Kevin Love: Why Twolves F/C Is the Most Complete Player in Western Conference
He may play for a team with a losing record.
He may no longer be in contention for the 2012 MVP award.
He may even need to bolster his defense a bit.
However, Love still comes out as the most complete player in the Western Conference, and there are a few categories with which to measure this claim.
Love averages 26 PPG.
Certainly, there are players who have a higher shooting percentage than the fourth-year forward out of UCLA. However, when evaluating the package as a whole, Love proves to be more consistent.
Love connects on 45 percent of his shot attempts, not too shabby in itself. The number is more impressive, though, when considering that he ranks No. 2 in minutes per game at 39. Love entered this season 25 pounds lighter and more quick on his feet.

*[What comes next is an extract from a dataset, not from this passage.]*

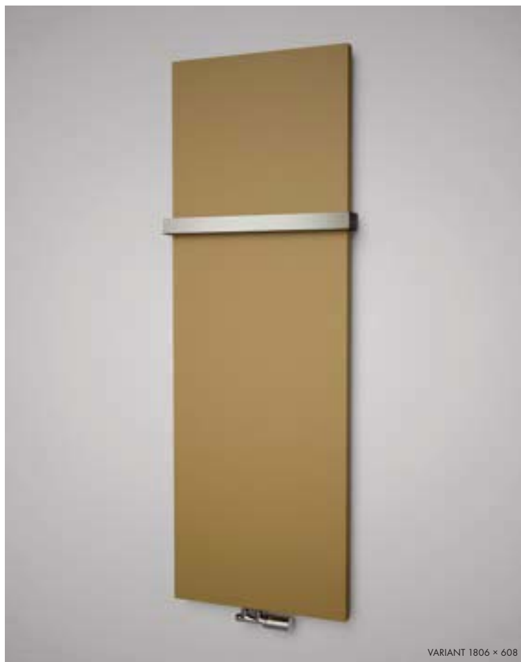
VARIANT 1806 × 608

He's able to play almost the entire 48 minutes and keep his percentage stable.
Points win games, and Love definitely doesn't disappoint in this area.

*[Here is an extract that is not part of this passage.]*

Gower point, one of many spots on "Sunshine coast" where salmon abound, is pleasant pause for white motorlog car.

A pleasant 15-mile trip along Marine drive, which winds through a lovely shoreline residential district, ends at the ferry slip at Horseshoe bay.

Love proves reliable for Minnesota at the free-throw line, landing an impressive 83 percent of his attempts.
Even some All-Stars who make the highlight reel week after week—ahem, Blake Griffin—perpetually struggle at the line.
Love shoots incredibly well for a big man, and the Wolves can count on him to make those crucial free throws during crunch time.
Most people wouldn't expect a player of Love's build and position to excel from downtown, but he knocks them down with regularity.
Not to mention, the former Bruins star took home the trophy for the three-point competition over the 2012 NBA All-Star weekend.
Love cleans the boards with efficiency, averaging 14 rebounds a night.
A lot of people criticize Love's defensive play, and that argument may be valid—to a certain extent. At 6'10", the forward/center should be expected to get more blocks than he does. Though he's improved this season, he needs to be more aggressive in the post.
On the other hand, Love makes his defensive presence known by grabbing 9.2 defensive rebounds per night to add to his four offensive rebounds.
His low block totals are the only fault I find against the Minnesota forward, and these four categories he thrives in make him the most well-rounded player in the West.